* **WHAT YOU WILL DO**
Below are records to write out exactly; drop the pictures when you do.

* **GIVEN DATA**
┄┄┄┄┄┄┄┄┄┄┄┄┄┄┄┄┄┄┄┄

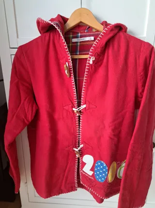 Chaqueta de pijama roja con capucha y cierre de cordones. - Diseño con pespuntes blancos. - Detalle de apliques con números 200 y estrellas. - Forro interior a cuadros.
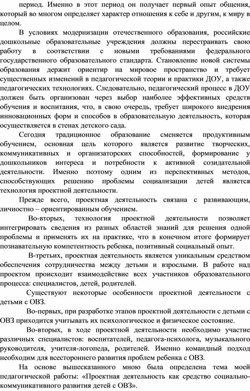 На основе вышесказанного мною была определена тема моей педагогической работы: «Проектная деятельность как средство социально-коммуникативного развития детей с ОВЗ».
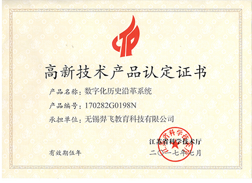 數(shù)字化歷史沿革系統(tǒng)高品證書(2017.7-2022.7)
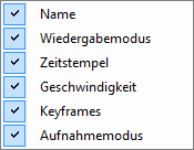 Durch das Setzen/Entfernen eines Häkchens können Sie Kamerainformationen sichtbar machen oder ausblenden, siehe auch Kapitel Menü Kamera-Info.
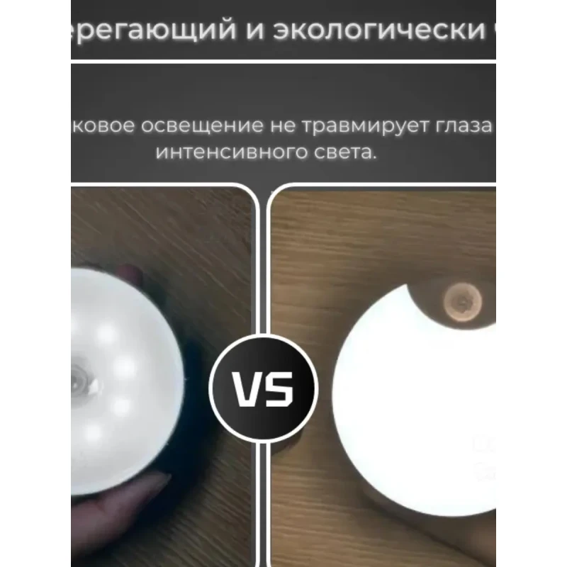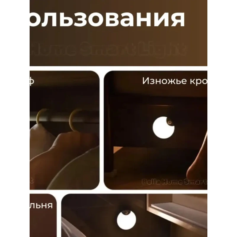 Колір лампи з датчиком руху – холодний білий. Бездротовий світильник максимально функціональний та зручний, зафіксуйте його на будь-якій поверхні для Вашої зручності та на Ваш розсуд, тому що нічник не потрібно включати в розетку, що зазвичай обмежує вибір місця.
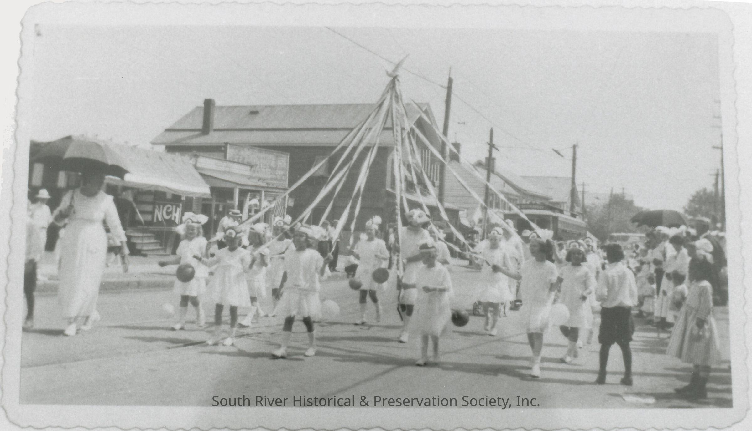 Photograph showing a group of young girls wearing white dresses and carrying a Maypole on Whitehead Avenue during the parade for the celebration of South River's 200th anniversary in 1920.

┄┄┄┄┄┄┄┄┄┄┄┄┄┄┄┄┄┄┄┄

* **SOLUTION**
 Chaqueta de pijama roja con capucha y cierre de cordones. - Diseño con pespuntes blancos. - Detalle de apliques con números 200 y estrellas. - Forro interior a cuadros.
 На основе вышесказанного мною была определена тема моей педагогической работы: «Проектная деятельность как средство социально-коммуникативного развития детей с ОВЗ».
 數(shù)字化歷史沿革系統(tǒng)高品證書(2017.7-2022.7)
 Durch das Setzen/Entfernen eines Häkchens können Sie Kamerainformationen sichtbar machen oder ausblenden, siehe auch Kapitel Menü Kamera-Info.
 Колір лампи з датчиком руху – холодний білий. Бездротовий світильник максимально функціональний та зручний, зафіксуйте його на будь-якій поверхні для Вашої зручності та на Ваш розсуд, тому що нічник не потрібно включати в розетку, що зазвичай обмежує вибір місця.
 Photograph showing a group of young girls wearing white dresses and carrying a Maypole on Whitehead Avenue during the parade for the celebration of South River's 200th anniversary in 1920.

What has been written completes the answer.